En prévision des prochaines Journées de l’Institut de l’Enfant, Déborah Allio s’attelle aux nouveaux symptômes des adolescents. Elle trace les contours de deux phénomènes contemporains. En premier lieu, les gadgets. « Le monde est de plus en plus peuplé de lathouses3 ». C’est le terme employé par Lacan qui condense l’aléthéia (vérité définie par les grecs comme ce qui rend évident l’être) et l’ousia (substance), toutes deux rejetées par la science. Plus touchés par ce phénomène que les adultes, (76 % contre 66 % dans d’autres tranches d’âge4), les adolescents du XXIe siècle révèlent la volonté de faire Un dans une communauté virtuelle. Avec les selfies, il s’agit d’attraper ce qui échappe à l’image5. Le corps est appareillé à ces objets hors corps, qui désormais en font partie intégrante, comme des organes. Autant de conséquences de « l’affaissement6 » du Nom-du-Père et du régime de la jouissance généralisée. En deuxième lieu, la grossesse répandue comme un phénomène de masse dans une classe de lycée, dernier cri lancé à l’époque de l’Autre qui n’existe pas.

Enfin, Rose-Paule Vinciguerra témoigne de sa première expérience de cartel, riche en conséquences, dont la plus spectaculaire fut l’arrêt de son analyse à l’IPA. Comme elle le dit précisément : « J’avais rencontré un dire qui fit évènement ». Les cartellisantes s’accrochent pour lire Les Formations de l’inconscient dans des photocopies volantes d’une version ronéotée, où les phrases ambiguës sollicitent l’exercice du français. Mais elles persistent, décidées à ne pas se laisser faire par ce discours qui leur échappe, bien qu’agalmatique. La différence est limpide avec tout autre groupe de travail : « l’invention de savoir était parfois au rendez-vous », comme nous le dit Rose-Paule Vinciguerra.

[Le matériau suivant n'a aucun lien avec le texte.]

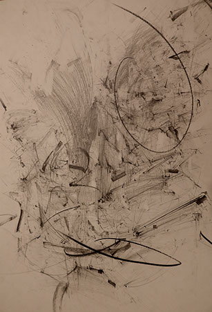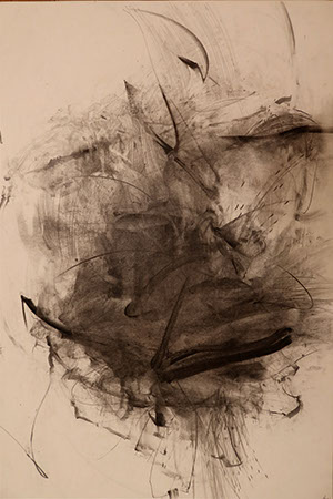 Τα σχέδια που παρουσιάζονται είναι φτιαγμένα με κάρβουνο και μολύβι σε χαρτί. Ο καλλιτέχνης τα δημιουργεί αμέσως μετά τη λήξη της performance και την αφαίρεση της μάσκας, με οδηγό την αίσθηση όλων περίεργων πραγμάτων που έφερε μέχρι πρότινος στο πρόσωπο του. Τα έργα αυτά αναπτύσσονται σαν ένα τοπίο της αίσθησης, σαν ένας εξπρεσιονιστικός ζωγραφικός χώρος, σαν αυτοπροσωπογραφία του καλλιτέχνη και σαν πορτρέτο του χαρακτήρα που υποδύθηκε, αλλά και σαν μια επισήμανση του λεπτού χώρου μεταξύ της μάσκας και του προσώπου.

Un numéro riche en effets de lecture, pour cette rencontre de Cartello et de l’Hebdo Blog !

1CF Miller J.-A., « Le cartel dans le monde », intervention à la journée des cartels du 8 octobre 1994 à l’ECF, transcrite par Catherine Bonningue, http://www.acfrhonealpes.fr/doc/JAM-le-cartel-dans-le-monde.pdf

2Lacan J., Le Séminaire, livre XVI, D’un Autre à l’autre, Seuil, 2006, p. 200.

3 Lacan J., Le Séminaire , livre XVII, L’envers de la psychanalyse, Paris, Seuil, 1991, p. 188.

4 Le journal des femmes, janvier 2017, consultable sur internet.

5 Laurent É., L’envers de la biopolitique, une écriture pour la jouissance, Paris, Navarin, 2016, p. 21.

6 Miller J.-A., « En direction de l’adolescence », Intervention de clôture à la 3e Journée de l’Institut de l’Enfant, 2015.